The Cresset and the Valparaiso University community suffered a sad loss this past July with the passing of Prof. John Steven Paul. “JSP” was a member of the Cresset’s Advisory Board, a regular contributor to these pages, and one of the finest colleagues you could ever hope for. Through his tireless service and remarkable gifts, he served this university in many roles, including Professor of Theatre, Chair of the Faculty Senate, Program Director of the Lilly Fellows Program in Humanities and the Arts, and Director of the Soul Purpose liturgical drama troupe.
When the terrible news began to spread, the entire community was stunned. JSP was so young and full of life. His work at this university was important in too many ways for us to lose him. We could hardly imagine what our campus gatherings would be like without his generous character, cheerful hospitality, and unfailing smile.
A few days later, the university community came together in the Chapel of the Resurrection. (Another service was held more recently, after classes began, so those who were away for the summer could join in the celebration of JSP’s life.) Provost Mark Schwehn and Prof.
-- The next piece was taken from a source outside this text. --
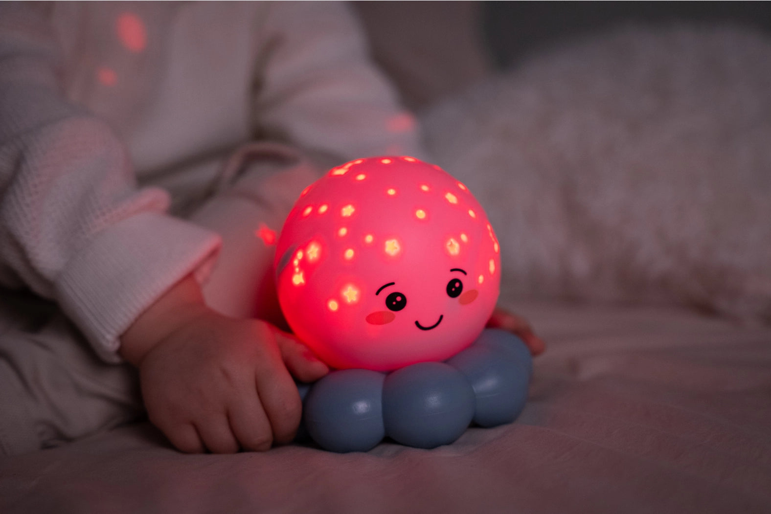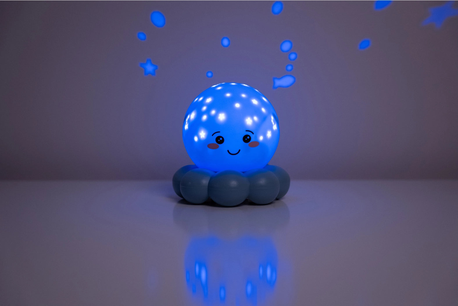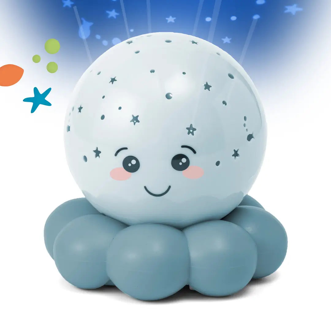 Twinkles To Go Octo™ was made for traveling, transforming any dark, scary new place into an underwater dreamland and making your little bug feel all snug and sleepy. Our bubbly octopus night light is bound to be an absolute must-have for traveling families - whether in the backseat, or the hotel suite! Twinkles glows soft bubbling fish and stars night after night. Twinkles features LED lights that keep the Octo's body cool, safe and long-lasting. And, with no cords to tangle with, Twinkles is always ready to travel. This incredibly lightweight, traveling nightlight has one on/off button. Press the button twice to change colour setting. After 45 soothing minutes of stars and fish, an auto shut-off feature turns Octo off. Sleep is just a little bit sweeter with this glowing octopus who encourages quality, restful sleep. Bring all the comforts of home on the road with Twinkles To Go Octo™!
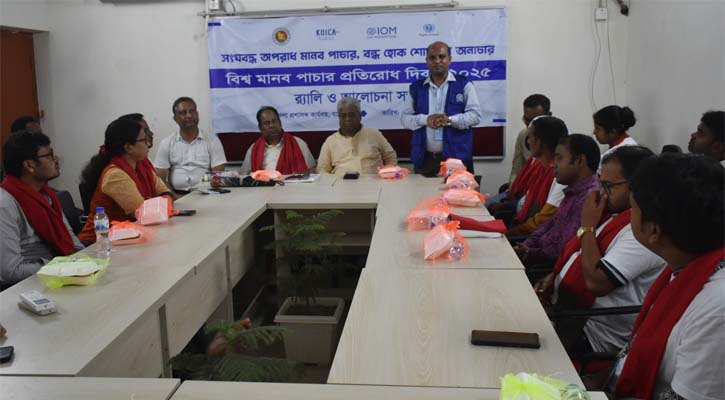 যশোর অফিস বিশ্ব মানব পাচার প্রতিরোধ দিবস উপলক্ষে আয়োজিত অনুষ্ঠানমালায় বক্তারা বলেছেন, মানব পাচারকারীরা সংখ্যায় কম হলেও সংগঠিত। পক্ষান্তরে সাধারণ

Fred Niedner spoke words that were beautiful and touching. A choir of over eighty voices led us in song. But more than anything else, I will remember looking around the chapel and seeing the faces of young men and women who had come from all over the country to join us that day. They were scholars, teachers, performers, and artists now serving countless other communities. Their presence made me realize that while JSP’s work meant so much to us at Valparaiso University, his legacy reaches far beyond our campus.
In this issue, we are pleased to be able to present one last piece by JSP: “Soaring, Avian Marginalia” (page 15) as performed on 17 October 2008 during ceremonies for the inauguration of the university’s new president. The work was performed by active and alumni members of Soul Purpose, a group of young people in which he took great pride. JSP sent this piece to me last spring and asked if it might be included in the Trinity issue, which commemorated both the University’s 150th anniversary and President Heckler’s inauguration. By the time he sent it to me, the issue was nearly complete and the pages were full. So we bring it to you now, in remembrance of a colleague who will be missed and whose good work lives on.
Thirteen years have passed since The Cresset’s last major redesign. The old look was tweaked now and then, but the Trinity 2009 issue looked much like the Michaelmas 1996 edition. The old design served us well for many years, but it was time to try something new.
Readers of The Cresset know that the real strength of this journal is the quality of work done by our writers. Our goal in the redesign process was simply to make their great work that much easier to get to. We’ve introduced a touch of color to the journal. That creates a little more visual interest, but, more importantly, the color will highlight design elements that make the journal more accessible and easier to navigate. The front-cover lists our feature essays more prominently, the reworked table of contents makes it easier to find your favorite columns, and the new page headers lend a more distinctive feel to each section and department.
We have worked hard to get this new look right, and we hope you find it to be an improvement. As always, your comments and concerns about these changes or anything else in the pages of The Cresset always will be appreciated.